The latest RBI forward looking survey for March 2025, published by the RBI in early April 2025, has some interesting insights about how consumer confidence and inflation expectations are showing signs of improvement; even amidst the global turmoil.
The consumer confidence survey of the RBI looks at current consumer confidence vis-à-vis one-year ago; as well as the one-year ahead expected consumer confidence, compared to the current levels. Compared to the year-ago period, the consumer confidence has improved on a current basis and on a 1-year forward basis. What about the components of consumer confidence? In terms of current perception, only income and spending are showing positive sentiments with improvement. Economic situation, jobs, and inflation is improving, but sentiments are still negative. The picture is more optimistic in terms of 1-year forward expectations with all parameters (except inflation) showing positive sentiments with distinct signs of improvement.

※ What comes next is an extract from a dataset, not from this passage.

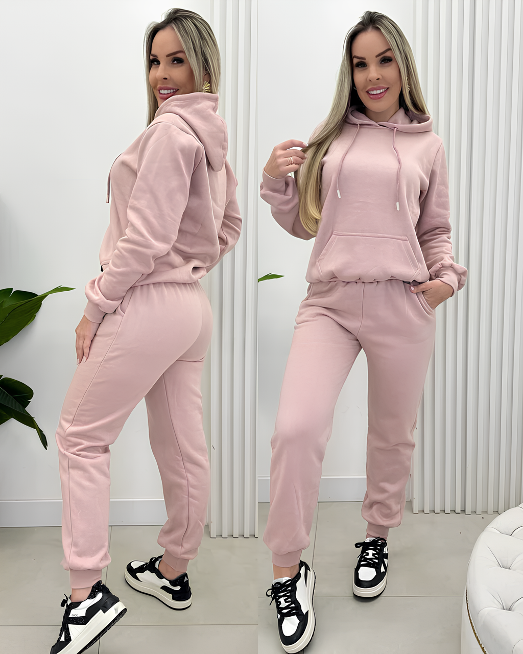 O Conjunto Thay é composto por uma calça e uma blusa de moletom, proporcionando conforto e estilo. A calça modelo jogger não possui forro, conta com elástico na cintura e bolsos frontais. A blusa de moletom de manga longa possui capuz, punhos nas mangas e bolsos na parte da frente. Feito em tecido de moletom, é ideal para dias mais frios.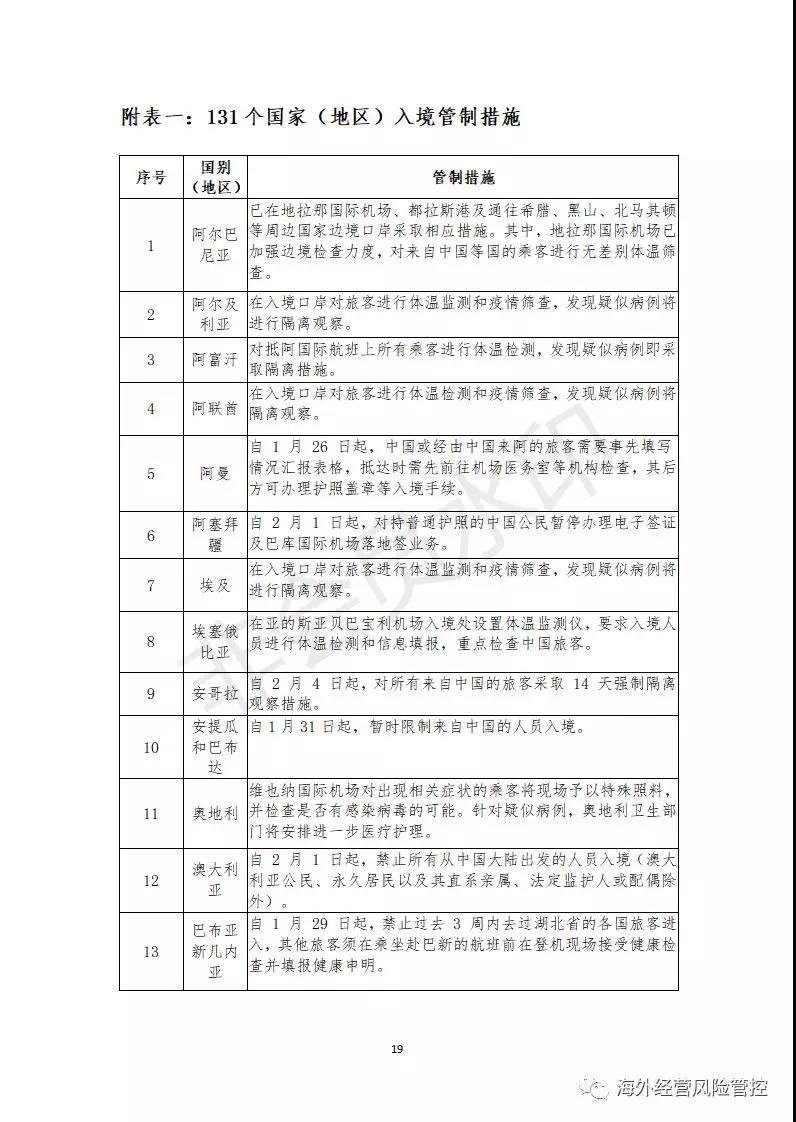 部分国家禁止或限制中国工作人员入境,签证收紧、航班停飞、检疫升级。同时,国内企业为避免疫情向境外扩散,也暂缓了国内人员出境。其中出台人员出入境管制措施的共有131个国家,具体参见附表一。

Household inflation is what family budgets experience, not the CPI inflation reported by the MOSPI. Household inflation is more experience based. The survey presents the inflation expectations based on 3-month forward inflation and 1-year forward inflation. With current inflation down 50 bps on account of lower food prices, the 3 month forward inflation expectation has also fallen by 40 bps while the 1-year forward inflation has fallen by 50 bps. A greater number of households in India are expecting the prices to taper in the near term and the medium term. Household inflation can be at divergence with the CPI inflation.
The first ever rural confidence survey published by the RBI shows substantial optimism among rural households with respect to economic situation, jobs, and spending in the current situation. On a 1-year forward basis, there is optimism across all data points, except prices. Clearly, there is an overhang of the recent experience of high inflation in rural areas.
The survey of manufacturing published based on the data for Q3-FY25, for the period ending December 2024, has shown an improvement in the capacity utilization by 120 bps from 74.2% to 75.4%. At the same time, the seasonally adjusted capacity utilization for Q3 compared to Q2 also improved by 60 bps from 74.7% to 75.3%. However, average order sizes are down sharply.
What about the inventory levels of raw materials and finished goods during the third quarter of FY25? The overall ratio of total inventory to sales is almost flat at 69.4%. However, while the ratio of finished goods inventory to sales is sharply lower sequentially, the ratio of raw materials to inventory is higher on a sequential basis. This is a good sign and shows greater confidence in purchase managers.
While the Business Assessment Index for Q4FY25 showed an improvement from 108.5 to 110.4 levels, the Business Expectations Index for Q1FY26 has shown a dip from 120.0 to 117.5 levels. This can be largely attributed to the downstream effects of the Trump tariff effects and its impact on GDP and world trade. Compared to Q4FY25, the current Q1FY26 quarter is likely to see higher production and higher order books. In terms of expectations, the overall sentiments are positive, although there are concerns that the situation could continue to be challenging on the input cost front.
Every alternate month, the RBI forward looking survey, also includes the survey of professional forecasters on GDP growth, inflation, and current account deficit.
Let us finally turn to the bank lending survey.
Finally, the bank lending survey provides an assessment of banking lending for Q4FY25 and expectations for the 3 subsequent quarters. Bank lending is expected to have moderated across all sectors in Q4FY25, although agricultural loans and personal loans showed growth. Loan conditions are expected to improve in the subsequent quarters, but the survey may not have fully priced in the impact of aggressive repo rate cuts by the RBI.
Overall, the macros are likely to be robust For FY26 and FY27. While household inflation expectations have moderated, input cost push continues to remain a thorn in the flesh.